Beneficially, any one or a combination of the approaches detailed herein facilitates automated copy of data from long-latency memory to fast memory whenever space is available in fast memory. The space may be referenced in units referred to as tiles or blocks, for example, and fast memory may include a one or two-dimensional array of tiles/blocks. In addition to the automated copy, the need for address determination and management may be eliminated through the use of multiple pointers. This approach can hide the latency associated with access of data from the long-latency memory by making the data available in fast memory before it is needed by the processor while potentially avoiding the need to manage addresses. While APIs are specifically discussed for explanatory purposes, any application that requires access to secondary memory stores may benefit from aspects of the automated copy and pointer-based access detailed herein.

FIG. 1 is a block diagram of aspects of an exemplary system 100 having access to an external memory 140, according to some embodiments. The external memory 140 may be organized in a plurality of blocks or tiles, for example. The system 100 includes internal memory 110, which typically has a smaller storage capacity than the external memory 140. The internal memory 110 may also be organized in a plurality of blocks or tiles. The system 100 includes one or more processors 120 that can directly access the internal memory 110 but cannot directly access the external memory 140. An access speed S1 and latency L1 may be associated with transfer of data between the external memory 140 and internal memory 110. An access speed S2 and latency L2 may be associated with transfer of data between the one or more processors 120 and internal memory 110. The access speed S2 may be faster than S1. As such, the latency L2 may be smaller than L1, since access speed and latency are inversely proportional.

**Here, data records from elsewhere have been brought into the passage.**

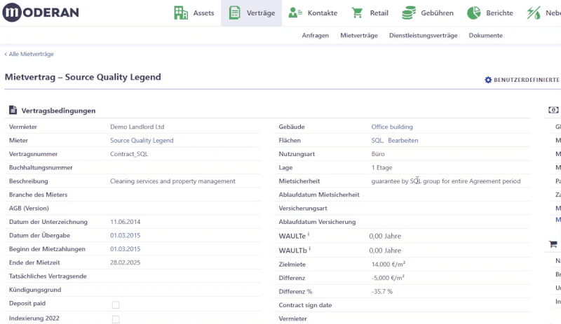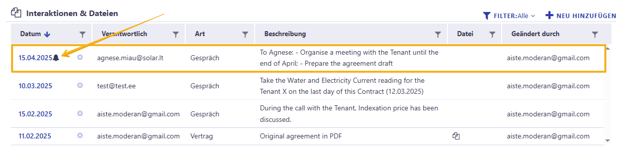 Wir empfehlen dringend, die Liste der Vertragsdokumente und Protokolle sorgfältig zu pflegen (z. B. Vertragszusätze bezüglich Flächenänderungen oder Änderungen der Monatsmiete) und die Erinnerungsfunktion zu nutzen, um sich selbst (oder andere aktive Nutzer) an mögliche Änderungen der Vertragsbedingungen nach Verhandlungen zu erinnern.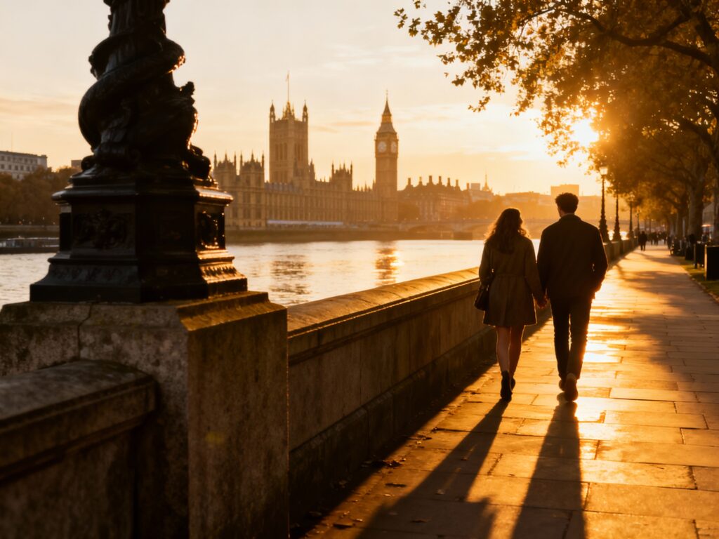 For a classic London date walk, follow the Thames from Westminster toward Tower Bridge—iconic views the whole way. Go around golden hour for the best light, then stop for a warm drink at Borough Market (easy detour via London Bridge). If you want it extra romantic, book a late-afternoon river cruise and walk the rest back on foot. Pack a light layer even in summer—riverside breezes are real.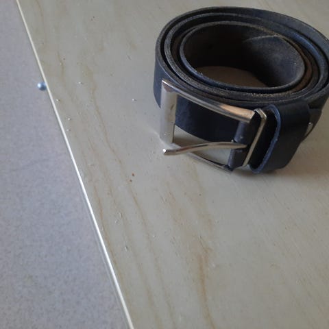 Musta Nini’s nahkavyö. Pituus 102 cm soljen kanssa, leveys 2,8 cm, solki 4 x 4 cm.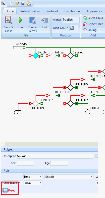 The Rule Builder function is used to build and modify Rules within Rule Nodes that you have created. It also gives you access to all the Rule controls that are available to you off the application ribbon, however it also provides enhanced functionality to those some of those controls.

The system 100 may also include other memory 130. The other memory 130 may, for example, store instructions that cause the processor 120 to implement operations such as those of an API. The system 100 may also include other components that facilitate the functionality of the system 100. When one or more blocks of memory are unused in the internal memory 110, data is automatically copied from external memory 140 into the available blocks of internal memory 110. Instructions (e.g., stored in other memory 130) that are processed by one or more processors 120 may access data in internal memory 110 using a pointer that stores the address of the next readable block of data in internal memory 110 rather than by determining an address with which to access the data. Additional pointers may be used to determine whether an automatic copy may be implemented from external memory 140 to internal memory 110 and whether data in internal memory 110 has been loaded for use into one or more processors 120 such that the data may be released from internal memory 110 to accommodate an additional copy from external memory 140. The use of the pointers is discussed with reference to FIGS. 2A through 3B.

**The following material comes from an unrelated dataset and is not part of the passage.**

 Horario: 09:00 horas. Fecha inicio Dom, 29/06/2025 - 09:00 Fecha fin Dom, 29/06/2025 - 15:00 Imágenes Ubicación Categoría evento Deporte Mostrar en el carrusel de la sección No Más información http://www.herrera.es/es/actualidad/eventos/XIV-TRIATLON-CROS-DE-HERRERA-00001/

FIG. 2A illustrates an exemplary memory transfer scheme according to some embodiments. Exemplary blocks of external memory 140 are shown to include data indicated as A1-A3 and B1-B3. Exemplary internal memory 110 is shown to include three blocks. The exemplary illustrations are not intended to limit the arrangement or number of memory blocks of the external memory 140 or internal memory 110. For example, the memory blocks may be arranged in a two-dimensional array and may include any number of memory blocks.

As the arrows indicate, the three blocks of internal memory 110 are first respectively populated with data A1, A2, A3 via an automated copy from external memory 140 (i.e., data A1 is copied to the first block of internal memory 110, data A2 is copied to the second block, and data A3 is copied to the third block). As each block of the data is read out of internal memory 110 (i.e., loaded into the processor 120), an automated copy is performed to fill the block. For example, after data A1 is loaded into the processor 120 from the internal memory 110, the first block of internal memory 110 is populated with data B1 via an automated copy from external memory 140, as indicated by the arrow. After data A2 is loaded into the processor 120, the second block of internal memory 110 is populated with data B2 via an automated copy from external memory, and after data A3 is loaded into the processor 120, the third block of internal memory 110 is populated with data B3 via an automated copy from external memory.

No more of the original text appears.